Afternoons for Thursday 24 June 2010
1:10 Best Song Ever Written
Indian Sunset by Mary Travers chosen by Phil Cawley of Wellington.
1:15 Your Place
Your Place today is the last population centre before you reach the tip of the North Island - Te Hapua, home to just 200 people.
2:10 Feature stories
Few writers have defined a generation like Bret Easton Ellis, fewer yet with the wit and economy that have always been the mark of his style.
His first novel, a tale of young adult disenchantment called Less Than Zero, was an instant classic when it was published in 1985, heralding the author as an important new voice in American literature while he was still only 21.

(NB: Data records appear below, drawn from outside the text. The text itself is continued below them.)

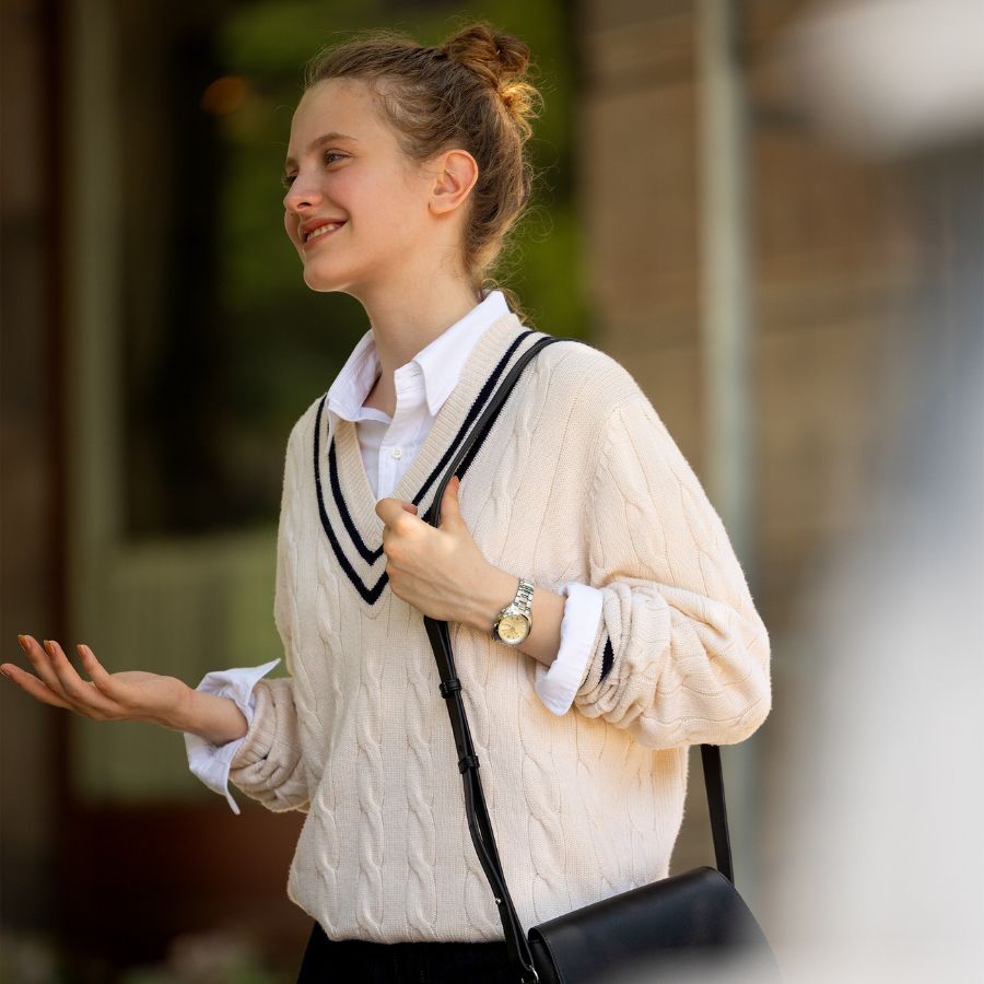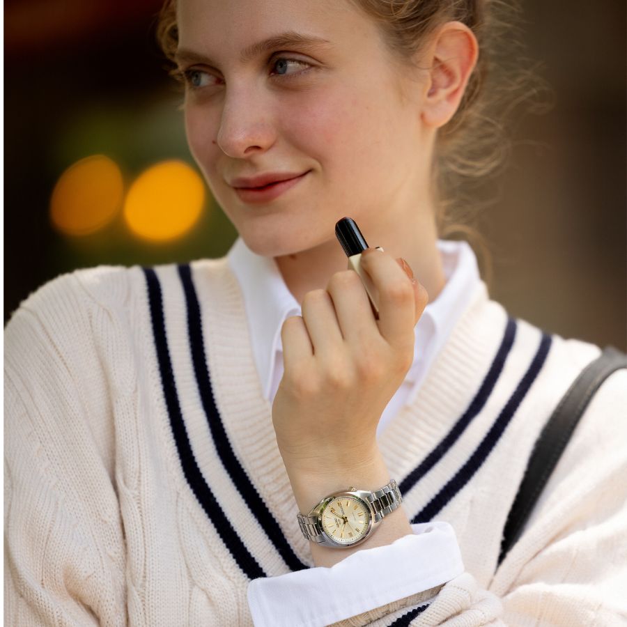 Seiko SRE023K1 SNXS “Double Cream” -malli hurmaa lämpimällä samppanjanvärisellä kellotaulullaan, jota koristavat kullansävyiset yksityiskohdat. Ne hehkuvat valossa pehmeästi ja tuovat kelloon eleganttia naisellisuutta. Selkeät LumiBrite-osoittimet ja -indeksit takaavat erinomaisen luettavuuden kaikissa valaistusolosuhteissa.
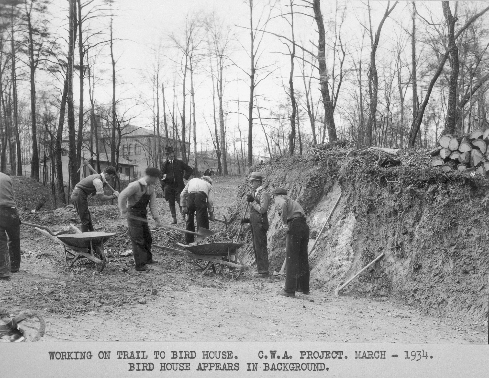 Civil Works Administration Project workers construct a trail to the Bird House in the National Zoological Park in March 1934. The Bird House appears in background. Depression era programs allowed the Zoo to build and renovate many facilities.
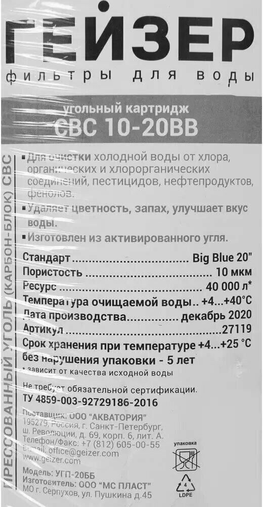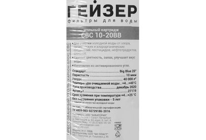 ГЕЙЗЕР Картридж CBC10-20BB, 1шт [27119]
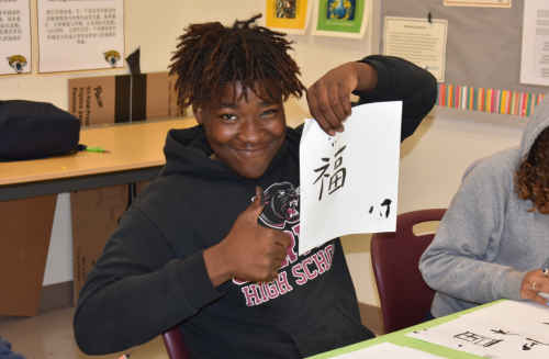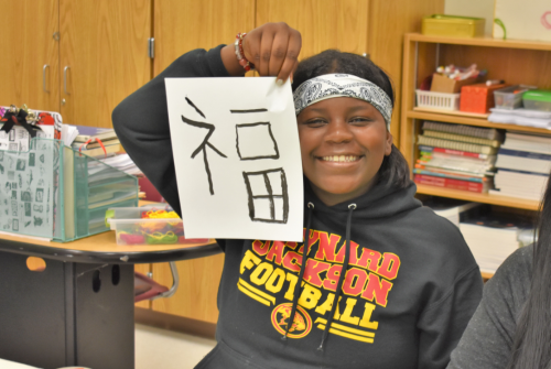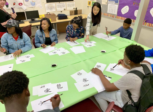 2019年5月20日,佐治亚州立大学孔子学院在Martin Luther King Jr. Middle School举办了“中国书法“活动,该校约200名中学生参加了此次活动。不同于之前的画脸谱与折扇活动,本次活动的主要参与对象为美国公立学校的中学。因此,根据学生特点,孔院工作人员首先为其讲解了中国书法中的“笔、墨、纸、砚”的含义、如何握笔等,随后又为他们展示了”福、爱、龙“等汉字。学生们在孔院工作人员的教学和指导下,认真地学习中国书法。

He followed it up with The Rules of Attraction and American Psycho. His reputation thus established, he went on to write some of the most inventive and enjoyable novels of the last two decades, books like Lunar Park.
2:30 NZ Reading
Part seven of The Fat Man by Maurice Gee, read by Grant Tilley.
The Fat Man Gets Serious: Colin and his father are both working for the fat man doing up the Muskie house. Old Mrs Muskie has handed everything over to her son Herbert, much to his brother and sisters' distress.
2:50 Feature Album
Little Earthquakes by Tori Amos.
2:55 He Rourou
In Waikato, Te Puea was a direct descendant of royalty yet one of her enduring symbols was the 'sugar bag apron'. Mamae Takerei explains to Ana Tapiata why her group used the apron as part of their performance at the 'Over 60s' Maori cultural festival at Te Papa recently.
3:12 Arts Report
Lynn Freeman meet Te Papa's new Senior Curator of Art and finds out about a cowboy movie rumoured to have been filmed in the far North in 1926.
3:33 South Island story
What would happen if Auckland decided to rip down its Sky Tower, or Christchurch no longer had its Cathedral Square? Fair to say the citizens have a fair attachment to both those structures
For locals in the district of Balclutha - that's exactly how they feel about their very own icon - the Clutha Bridge. It's something they can't live without.

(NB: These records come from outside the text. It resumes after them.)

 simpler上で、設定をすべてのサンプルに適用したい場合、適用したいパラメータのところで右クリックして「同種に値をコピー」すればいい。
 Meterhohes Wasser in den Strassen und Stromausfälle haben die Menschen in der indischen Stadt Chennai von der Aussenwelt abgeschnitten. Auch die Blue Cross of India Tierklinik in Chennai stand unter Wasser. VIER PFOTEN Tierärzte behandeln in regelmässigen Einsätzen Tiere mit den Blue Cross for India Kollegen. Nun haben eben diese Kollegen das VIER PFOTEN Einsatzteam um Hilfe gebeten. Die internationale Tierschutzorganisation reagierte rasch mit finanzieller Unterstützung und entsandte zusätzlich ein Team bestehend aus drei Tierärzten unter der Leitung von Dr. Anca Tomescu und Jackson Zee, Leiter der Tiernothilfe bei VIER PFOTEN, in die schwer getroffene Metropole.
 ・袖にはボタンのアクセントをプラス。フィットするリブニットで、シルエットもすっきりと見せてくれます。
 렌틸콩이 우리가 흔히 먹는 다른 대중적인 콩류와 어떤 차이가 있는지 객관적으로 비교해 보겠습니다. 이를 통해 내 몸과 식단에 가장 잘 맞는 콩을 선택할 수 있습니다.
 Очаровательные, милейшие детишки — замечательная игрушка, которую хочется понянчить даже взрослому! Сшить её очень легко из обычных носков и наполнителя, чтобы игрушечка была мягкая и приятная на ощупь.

It's not just a monument to the history of the town and its heritage, but also a means to get from one place to another. But what would happen if the bridge was to be torn down?
Sonia Yee investigates the notion, in this first of a two part series: The Bridge that Made a Town.
3:47 Our Changing World
Last week New Zealand sea lions catapulted into the ranks of the world's most endangered animals, given a new threat ranking of 'nationally critical'.
But while the main subantarctic population is in a sharp decline, a fledging population of sea lions on the Otago Peninsula is thriving, and could offer new hope to the beleaguered species.
DOC's Louise Chilvers, and University of Otago PhD student, Amelie Auge have been putting satellite tags on mainland female sea lions to find why they're doing so well compared to their southern cousins.
Alison Ballance joins a mission to retrieve the tags, and gets a quick brief on 'whose who' among the sea lions, and what the tags have been beaming back
4:06 The Panel
Deborah Hill Cone and Joanne Black. A new Prime Minister in Australia, Kevin Rudd stepped aside for Julia Gillard, making her the first female Prime Minister of Australia; Why is Christchurch Hospital such a dangerous place to work in?; And imagine what the world would be like if you couldn't feel fear?